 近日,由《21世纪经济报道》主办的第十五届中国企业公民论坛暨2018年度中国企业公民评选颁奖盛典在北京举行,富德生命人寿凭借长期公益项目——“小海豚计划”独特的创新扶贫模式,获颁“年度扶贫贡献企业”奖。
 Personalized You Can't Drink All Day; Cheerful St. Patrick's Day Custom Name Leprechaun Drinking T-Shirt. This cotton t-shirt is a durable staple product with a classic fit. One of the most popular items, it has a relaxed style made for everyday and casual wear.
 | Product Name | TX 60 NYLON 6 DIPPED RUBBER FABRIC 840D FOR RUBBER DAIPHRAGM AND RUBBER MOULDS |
################
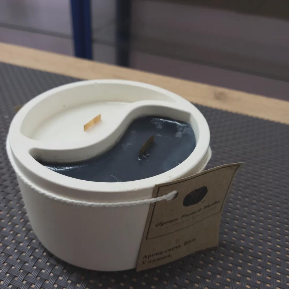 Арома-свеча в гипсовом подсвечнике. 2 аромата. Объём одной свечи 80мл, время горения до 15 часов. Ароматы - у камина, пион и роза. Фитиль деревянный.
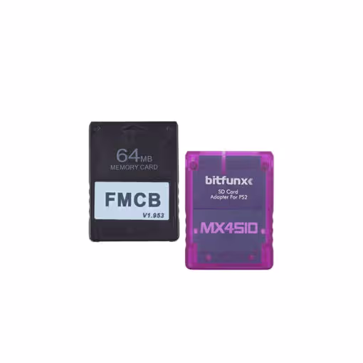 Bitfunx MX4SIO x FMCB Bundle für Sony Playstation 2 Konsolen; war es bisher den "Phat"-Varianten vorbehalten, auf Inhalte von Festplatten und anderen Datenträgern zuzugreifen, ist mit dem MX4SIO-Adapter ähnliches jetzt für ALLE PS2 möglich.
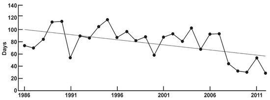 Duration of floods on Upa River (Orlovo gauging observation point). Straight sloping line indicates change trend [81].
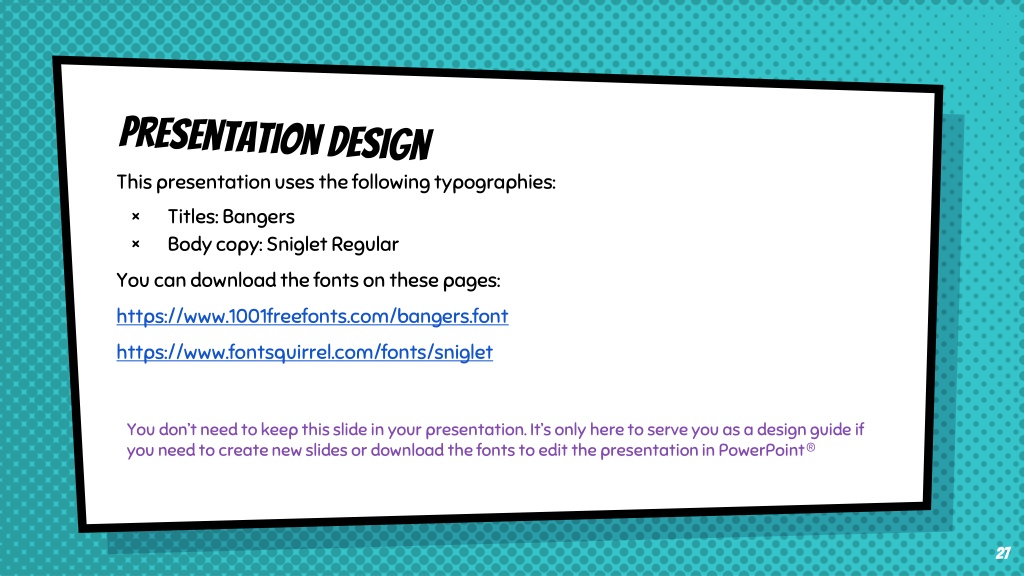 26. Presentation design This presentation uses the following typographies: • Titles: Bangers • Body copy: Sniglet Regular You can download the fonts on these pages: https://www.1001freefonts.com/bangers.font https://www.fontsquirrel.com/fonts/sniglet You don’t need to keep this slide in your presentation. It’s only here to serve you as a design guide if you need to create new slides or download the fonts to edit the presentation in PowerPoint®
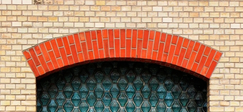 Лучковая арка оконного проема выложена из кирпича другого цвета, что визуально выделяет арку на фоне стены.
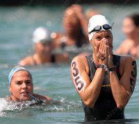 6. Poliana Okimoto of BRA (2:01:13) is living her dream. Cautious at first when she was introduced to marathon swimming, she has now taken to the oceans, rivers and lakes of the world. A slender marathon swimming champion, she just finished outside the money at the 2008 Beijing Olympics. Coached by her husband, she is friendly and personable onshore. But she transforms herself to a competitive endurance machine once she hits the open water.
################
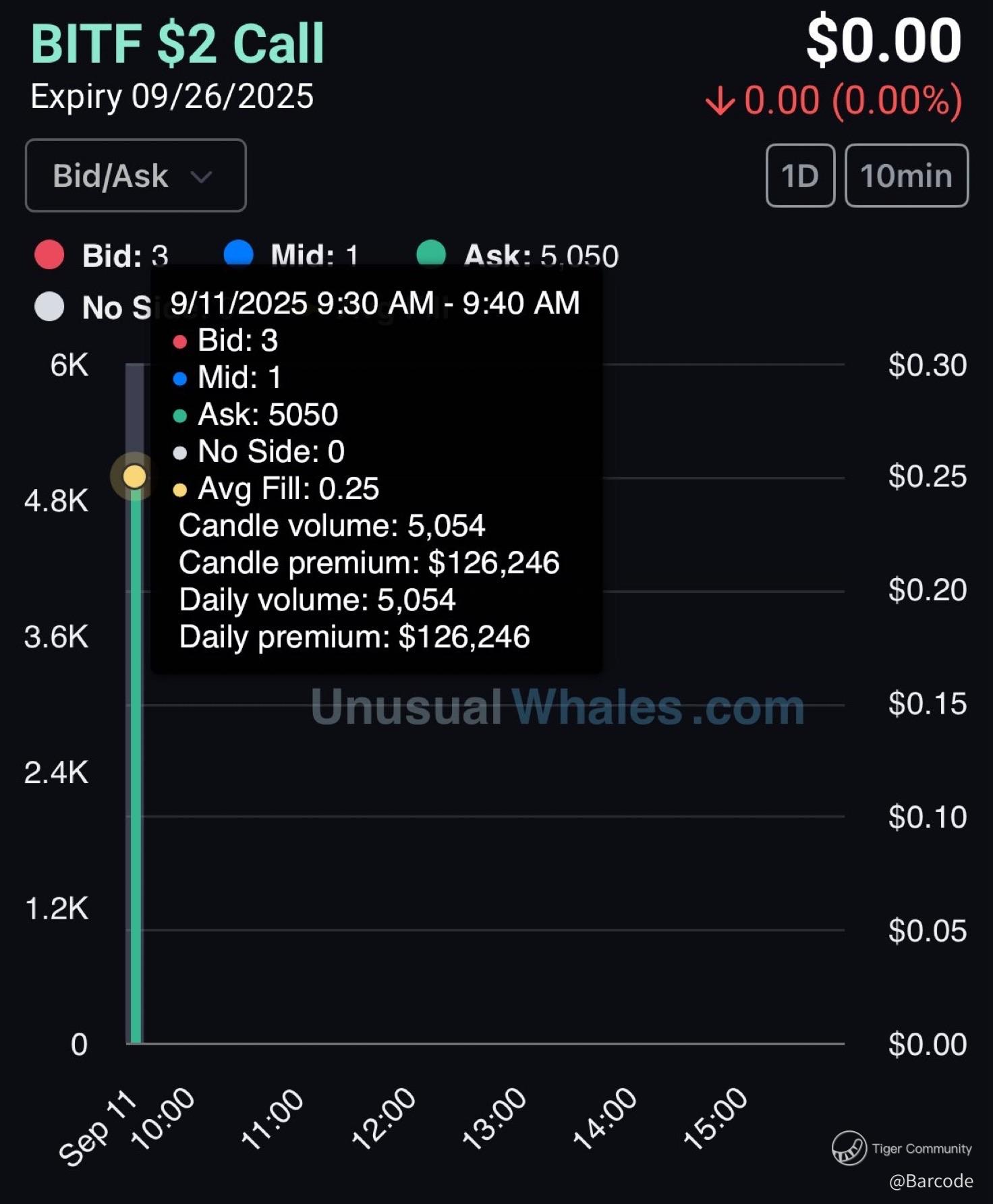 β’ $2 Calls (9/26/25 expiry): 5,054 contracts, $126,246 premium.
################
Print nothing but the lines above starting with the line that contains "Bitfunx MX4SIO x" and going on through the line that contains "Duration of floods". Leave out the pictures.

Written answer:
 Bitfunx MX4SIO x FMCB Bundle für Sony Playstation 2 Konsolen; war es bisher den "Phat"-Varianten vorbehalten, auf Inhalte von Festplatten und anderen Datenträgern zuzugreifen, ist mit dem MX4SIO-Adapter ähnliches jetzt für ALLE PS2 möglich.
 Duration of floods on Upa River (Orlovo gauging observation point). Straight sloping line indicates change trend [81].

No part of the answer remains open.